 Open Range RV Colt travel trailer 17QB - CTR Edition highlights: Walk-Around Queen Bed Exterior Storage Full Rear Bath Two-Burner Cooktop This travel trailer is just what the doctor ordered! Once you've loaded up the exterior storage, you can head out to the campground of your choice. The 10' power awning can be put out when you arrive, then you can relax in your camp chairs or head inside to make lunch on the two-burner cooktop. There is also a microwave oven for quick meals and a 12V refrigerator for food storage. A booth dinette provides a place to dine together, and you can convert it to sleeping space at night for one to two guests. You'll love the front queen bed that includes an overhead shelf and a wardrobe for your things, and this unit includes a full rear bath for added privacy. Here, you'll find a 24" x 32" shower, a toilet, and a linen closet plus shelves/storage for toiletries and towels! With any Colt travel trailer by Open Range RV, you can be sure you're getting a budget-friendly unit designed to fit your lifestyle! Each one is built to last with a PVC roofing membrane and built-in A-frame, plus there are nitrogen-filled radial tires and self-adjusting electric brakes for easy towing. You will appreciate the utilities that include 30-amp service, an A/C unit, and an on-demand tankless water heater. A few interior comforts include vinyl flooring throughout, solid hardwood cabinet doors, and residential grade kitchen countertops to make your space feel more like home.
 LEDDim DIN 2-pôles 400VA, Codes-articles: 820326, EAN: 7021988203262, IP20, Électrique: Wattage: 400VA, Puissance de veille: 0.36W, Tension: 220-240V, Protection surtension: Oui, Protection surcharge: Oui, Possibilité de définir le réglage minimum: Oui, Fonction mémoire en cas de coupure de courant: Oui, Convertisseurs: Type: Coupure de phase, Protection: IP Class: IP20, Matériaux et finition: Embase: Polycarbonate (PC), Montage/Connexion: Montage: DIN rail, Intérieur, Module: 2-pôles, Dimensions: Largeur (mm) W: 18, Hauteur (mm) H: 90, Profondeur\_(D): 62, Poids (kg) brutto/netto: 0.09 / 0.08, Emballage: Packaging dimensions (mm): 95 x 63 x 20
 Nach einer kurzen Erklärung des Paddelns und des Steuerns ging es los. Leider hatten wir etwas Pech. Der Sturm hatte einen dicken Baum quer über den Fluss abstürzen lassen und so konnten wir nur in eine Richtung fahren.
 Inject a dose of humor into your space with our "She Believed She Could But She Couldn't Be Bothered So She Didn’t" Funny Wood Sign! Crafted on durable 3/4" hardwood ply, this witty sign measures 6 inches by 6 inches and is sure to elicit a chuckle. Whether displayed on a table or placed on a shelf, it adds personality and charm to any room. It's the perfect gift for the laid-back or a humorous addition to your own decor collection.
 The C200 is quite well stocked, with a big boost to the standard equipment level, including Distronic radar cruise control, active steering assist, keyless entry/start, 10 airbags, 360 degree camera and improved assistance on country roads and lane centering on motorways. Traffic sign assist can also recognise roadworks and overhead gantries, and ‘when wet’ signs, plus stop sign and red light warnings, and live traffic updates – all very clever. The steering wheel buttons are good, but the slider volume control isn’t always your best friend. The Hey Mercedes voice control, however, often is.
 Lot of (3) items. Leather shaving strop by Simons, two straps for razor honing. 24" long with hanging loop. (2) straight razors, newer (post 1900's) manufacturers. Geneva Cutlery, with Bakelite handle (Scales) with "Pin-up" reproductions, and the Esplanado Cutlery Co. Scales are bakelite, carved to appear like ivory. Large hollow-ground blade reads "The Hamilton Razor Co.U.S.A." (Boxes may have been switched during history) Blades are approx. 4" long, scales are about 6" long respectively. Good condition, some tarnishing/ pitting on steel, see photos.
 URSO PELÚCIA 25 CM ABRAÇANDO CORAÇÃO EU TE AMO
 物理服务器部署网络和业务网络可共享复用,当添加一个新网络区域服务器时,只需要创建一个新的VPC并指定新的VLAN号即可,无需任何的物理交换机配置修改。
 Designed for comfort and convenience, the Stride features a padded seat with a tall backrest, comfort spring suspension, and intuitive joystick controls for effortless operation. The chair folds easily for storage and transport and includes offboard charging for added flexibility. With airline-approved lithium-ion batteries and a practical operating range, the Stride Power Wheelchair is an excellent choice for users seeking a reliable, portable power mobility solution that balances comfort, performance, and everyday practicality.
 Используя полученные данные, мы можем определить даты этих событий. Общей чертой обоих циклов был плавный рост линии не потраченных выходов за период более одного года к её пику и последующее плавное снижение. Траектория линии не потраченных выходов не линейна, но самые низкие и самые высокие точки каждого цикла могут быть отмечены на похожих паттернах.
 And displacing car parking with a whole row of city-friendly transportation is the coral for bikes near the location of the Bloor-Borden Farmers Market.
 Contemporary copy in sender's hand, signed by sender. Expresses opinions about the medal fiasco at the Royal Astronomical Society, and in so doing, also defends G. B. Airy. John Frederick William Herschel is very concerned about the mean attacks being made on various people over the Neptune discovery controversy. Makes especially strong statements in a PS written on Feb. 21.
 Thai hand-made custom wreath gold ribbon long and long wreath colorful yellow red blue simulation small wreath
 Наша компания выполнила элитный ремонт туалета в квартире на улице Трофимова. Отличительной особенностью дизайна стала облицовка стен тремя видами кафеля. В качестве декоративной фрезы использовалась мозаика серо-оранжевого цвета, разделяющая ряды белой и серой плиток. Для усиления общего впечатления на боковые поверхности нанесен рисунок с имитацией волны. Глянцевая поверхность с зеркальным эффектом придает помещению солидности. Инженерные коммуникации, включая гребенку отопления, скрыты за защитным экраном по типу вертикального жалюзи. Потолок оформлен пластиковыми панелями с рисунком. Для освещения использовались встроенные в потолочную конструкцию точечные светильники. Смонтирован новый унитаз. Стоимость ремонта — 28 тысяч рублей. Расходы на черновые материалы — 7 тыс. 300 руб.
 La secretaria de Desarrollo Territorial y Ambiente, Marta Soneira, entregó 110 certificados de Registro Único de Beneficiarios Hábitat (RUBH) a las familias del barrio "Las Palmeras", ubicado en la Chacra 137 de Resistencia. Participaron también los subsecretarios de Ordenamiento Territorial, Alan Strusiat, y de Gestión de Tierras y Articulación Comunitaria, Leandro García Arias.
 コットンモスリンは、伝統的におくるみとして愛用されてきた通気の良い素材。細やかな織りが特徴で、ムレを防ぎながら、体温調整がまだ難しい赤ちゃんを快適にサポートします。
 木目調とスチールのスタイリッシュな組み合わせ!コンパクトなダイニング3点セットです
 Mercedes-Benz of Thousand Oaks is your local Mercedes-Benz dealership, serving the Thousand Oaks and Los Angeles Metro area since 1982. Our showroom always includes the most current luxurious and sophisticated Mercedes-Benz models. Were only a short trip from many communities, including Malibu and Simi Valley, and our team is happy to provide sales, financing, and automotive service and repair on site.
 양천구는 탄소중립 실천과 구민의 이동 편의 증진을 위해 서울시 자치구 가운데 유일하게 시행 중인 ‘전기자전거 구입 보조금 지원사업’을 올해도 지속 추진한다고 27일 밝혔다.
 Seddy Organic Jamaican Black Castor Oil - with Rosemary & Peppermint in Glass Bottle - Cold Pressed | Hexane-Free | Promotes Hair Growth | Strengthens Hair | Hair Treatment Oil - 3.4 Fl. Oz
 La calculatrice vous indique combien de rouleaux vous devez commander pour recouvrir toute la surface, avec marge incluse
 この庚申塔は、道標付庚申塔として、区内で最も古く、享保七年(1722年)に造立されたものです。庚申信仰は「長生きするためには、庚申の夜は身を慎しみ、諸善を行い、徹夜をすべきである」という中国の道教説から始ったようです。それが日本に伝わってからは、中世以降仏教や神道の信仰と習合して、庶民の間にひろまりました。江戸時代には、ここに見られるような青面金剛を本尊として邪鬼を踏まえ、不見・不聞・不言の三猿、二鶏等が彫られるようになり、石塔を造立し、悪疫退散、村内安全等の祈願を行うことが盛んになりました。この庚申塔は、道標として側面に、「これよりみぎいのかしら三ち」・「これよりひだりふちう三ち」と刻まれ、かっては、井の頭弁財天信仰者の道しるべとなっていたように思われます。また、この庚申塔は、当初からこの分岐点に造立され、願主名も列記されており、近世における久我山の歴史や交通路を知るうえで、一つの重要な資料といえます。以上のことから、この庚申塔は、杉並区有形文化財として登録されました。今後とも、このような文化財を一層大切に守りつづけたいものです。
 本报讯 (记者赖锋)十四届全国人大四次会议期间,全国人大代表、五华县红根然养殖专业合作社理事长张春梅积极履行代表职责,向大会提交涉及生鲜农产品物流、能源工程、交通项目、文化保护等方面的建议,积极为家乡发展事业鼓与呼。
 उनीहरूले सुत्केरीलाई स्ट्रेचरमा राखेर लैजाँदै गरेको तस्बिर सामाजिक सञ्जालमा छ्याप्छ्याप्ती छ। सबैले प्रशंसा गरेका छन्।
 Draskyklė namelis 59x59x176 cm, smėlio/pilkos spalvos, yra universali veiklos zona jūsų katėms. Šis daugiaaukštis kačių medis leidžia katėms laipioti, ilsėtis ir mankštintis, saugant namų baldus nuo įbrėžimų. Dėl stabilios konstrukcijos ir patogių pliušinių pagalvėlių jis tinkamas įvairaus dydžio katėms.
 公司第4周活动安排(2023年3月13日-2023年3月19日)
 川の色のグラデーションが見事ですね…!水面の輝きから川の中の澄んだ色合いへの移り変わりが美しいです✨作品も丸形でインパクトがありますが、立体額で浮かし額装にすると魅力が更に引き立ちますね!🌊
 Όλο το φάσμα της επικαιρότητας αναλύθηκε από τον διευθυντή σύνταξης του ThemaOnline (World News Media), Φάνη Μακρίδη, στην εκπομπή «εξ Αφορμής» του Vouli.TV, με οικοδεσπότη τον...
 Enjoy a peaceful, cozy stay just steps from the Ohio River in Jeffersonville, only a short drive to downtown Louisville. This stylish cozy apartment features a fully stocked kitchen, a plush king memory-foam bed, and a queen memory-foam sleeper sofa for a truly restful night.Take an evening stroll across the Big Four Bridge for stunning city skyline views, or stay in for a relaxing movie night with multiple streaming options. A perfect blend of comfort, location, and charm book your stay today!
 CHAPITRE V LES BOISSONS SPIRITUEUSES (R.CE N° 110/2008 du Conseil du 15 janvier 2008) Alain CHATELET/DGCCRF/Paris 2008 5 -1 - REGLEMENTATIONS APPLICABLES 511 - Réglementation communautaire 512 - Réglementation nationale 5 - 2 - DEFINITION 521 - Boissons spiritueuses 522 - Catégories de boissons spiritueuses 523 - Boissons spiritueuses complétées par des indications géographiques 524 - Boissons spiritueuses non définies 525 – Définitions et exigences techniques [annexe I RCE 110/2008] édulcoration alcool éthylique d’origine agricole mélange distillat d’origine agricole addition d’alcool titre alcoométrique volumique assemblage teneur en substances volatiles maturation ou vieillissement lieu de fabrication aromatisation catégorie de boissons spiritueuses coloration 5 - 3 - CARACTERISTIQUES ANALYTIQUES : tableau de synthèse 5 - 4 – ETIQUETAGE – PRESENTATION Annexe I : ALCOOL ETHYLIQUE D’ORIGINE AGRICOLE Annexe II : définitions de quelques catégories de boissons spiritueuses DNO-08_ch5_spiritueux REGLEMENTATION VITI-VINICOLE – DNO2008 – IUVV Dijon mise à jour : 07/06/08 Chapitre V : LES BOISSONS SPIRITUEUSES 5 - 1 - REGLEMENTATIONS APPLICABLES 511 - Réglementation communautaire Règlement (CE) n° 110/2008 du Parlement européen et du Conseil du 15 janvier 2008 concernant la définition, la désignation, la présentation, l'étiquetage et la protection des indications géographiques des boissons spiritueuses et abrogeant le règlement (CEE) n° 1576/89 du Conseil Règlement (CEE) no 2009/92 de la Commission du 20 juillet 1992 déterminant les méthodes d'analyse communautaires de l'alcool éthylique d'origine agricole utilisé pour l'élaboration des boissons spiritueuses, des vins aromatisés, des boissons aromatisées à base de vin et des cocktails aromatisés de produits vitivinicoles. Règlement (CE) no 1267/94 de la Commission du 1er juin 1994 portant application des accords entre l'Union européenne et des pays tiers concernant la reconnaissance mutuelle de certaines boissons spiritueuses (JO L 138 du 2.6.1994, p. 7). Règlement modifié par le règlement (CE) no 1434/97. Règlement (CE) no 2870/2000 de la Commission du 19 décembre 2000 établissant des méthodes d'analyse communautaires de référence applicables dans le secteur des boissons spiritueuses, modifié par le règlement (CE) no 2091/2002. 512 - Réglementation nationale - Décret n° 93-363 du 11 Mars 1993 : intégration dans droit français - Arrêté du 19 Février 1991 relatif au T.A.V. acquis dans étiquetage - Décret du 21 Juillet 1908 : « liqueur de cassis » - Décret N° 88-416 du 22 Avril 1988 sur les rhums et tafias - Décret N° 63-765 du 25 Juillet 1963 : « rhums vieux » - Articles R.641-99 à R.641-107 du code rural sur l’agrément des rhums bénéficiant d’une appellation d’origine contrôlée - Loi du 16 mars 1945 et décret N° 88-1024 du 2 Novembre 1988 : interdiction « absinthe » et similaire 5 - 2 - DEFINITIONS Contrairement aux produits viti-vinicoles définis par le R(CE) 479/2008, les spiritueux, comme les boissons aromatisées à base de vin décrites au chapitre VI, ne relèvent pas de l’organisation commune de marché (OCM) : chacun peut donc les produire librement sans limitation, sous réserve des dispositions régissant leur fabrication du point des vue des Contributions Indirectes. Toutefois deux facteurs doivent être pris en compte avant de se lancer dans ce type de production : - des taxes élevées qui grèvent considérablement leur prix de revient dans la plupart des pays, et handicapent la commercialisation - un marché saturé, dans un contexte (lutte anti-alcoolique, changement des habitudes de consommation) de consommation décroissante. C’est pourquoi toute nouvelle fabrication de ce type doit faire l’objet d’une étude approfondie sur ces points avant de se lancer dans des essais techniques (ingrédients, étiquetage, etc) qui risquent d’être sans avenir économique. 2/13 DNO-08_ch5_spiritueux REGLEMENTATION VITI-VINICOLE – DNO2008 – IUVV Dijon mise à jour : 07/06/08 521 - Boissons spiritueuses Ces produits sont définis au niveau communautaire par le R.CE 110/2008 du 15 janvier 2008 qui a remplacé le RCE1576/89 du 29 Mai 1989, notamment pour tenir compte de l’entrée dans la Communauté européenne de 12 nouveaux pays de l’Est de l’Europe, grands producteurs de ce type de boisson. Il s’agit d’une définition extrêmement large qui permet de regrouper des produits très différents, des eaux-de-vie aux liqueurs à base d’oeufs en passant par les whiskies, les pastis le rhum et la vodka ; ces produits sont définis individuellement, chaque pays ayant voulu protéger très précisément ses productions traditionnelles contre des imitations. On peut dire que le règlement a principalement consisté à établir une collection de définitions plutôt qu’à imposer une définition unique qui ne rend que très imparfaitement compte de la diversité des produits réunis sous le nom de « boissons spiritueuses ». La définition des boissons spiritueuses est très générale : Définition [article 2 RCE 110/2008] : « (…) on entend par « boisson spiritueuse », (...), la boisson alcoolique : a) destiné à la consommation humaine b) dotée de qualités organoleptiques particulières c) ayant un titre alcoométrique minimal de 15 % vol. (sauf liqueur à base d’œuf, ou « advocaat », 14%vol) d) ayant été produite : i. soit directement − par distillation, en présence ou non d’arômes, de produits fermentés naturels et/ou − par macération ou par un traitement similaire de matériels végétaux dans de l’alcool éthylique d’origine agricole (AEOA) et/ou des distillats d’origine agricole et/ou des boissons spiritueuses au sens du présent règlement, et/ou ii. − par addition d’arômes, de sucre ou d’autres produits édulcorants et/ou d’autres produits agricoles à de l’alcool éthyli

## Task objective
Using the data above, reproduce exactly the lines between those holding "公司第4周活动安排(2023年3月13日-2023年3月19日)" and "Enjoy a peaceful, cozy", inclusive, and no others.

## Task output
 公司第4周活动安排(2023年3月13日-2023年3月19日)
 川の色のグラデーションが見事ですね…!水面の輝きから川の中の澄んだ色合いへの移り変わりが美しいです✨作品も丸形でインパクトがありますが、立体額で浮かし額装にすると魅力が更に引き立ちますね!🌊
 Όλο το φάσμα της επικαιρότητας αναλύθηκε από τον διευθυντή σύνταξης του ThemaOnline (World News Media), Φάνη Μακρίδη, στην εκπομπή «εξ Αφορμής» του Vouli.TV, με οικοδεσπότη τον...
 Enjoy a peaceful, cozy stay just steps from the Ohio River in Jeffersonville, only a short drive to downtown Louisville. This stylish cozy apartment features a fully stocked kitchen, a plush king memory-foam bed, and a queen memory-foam sleeper sofa for a truly restful night.Take an evening stroll across the Big Four Bridge for stunning city skyline views, or stay in for a relaxing movie night with multiple streaming options. A perfect blend of comfort, location, and charm book your stay today!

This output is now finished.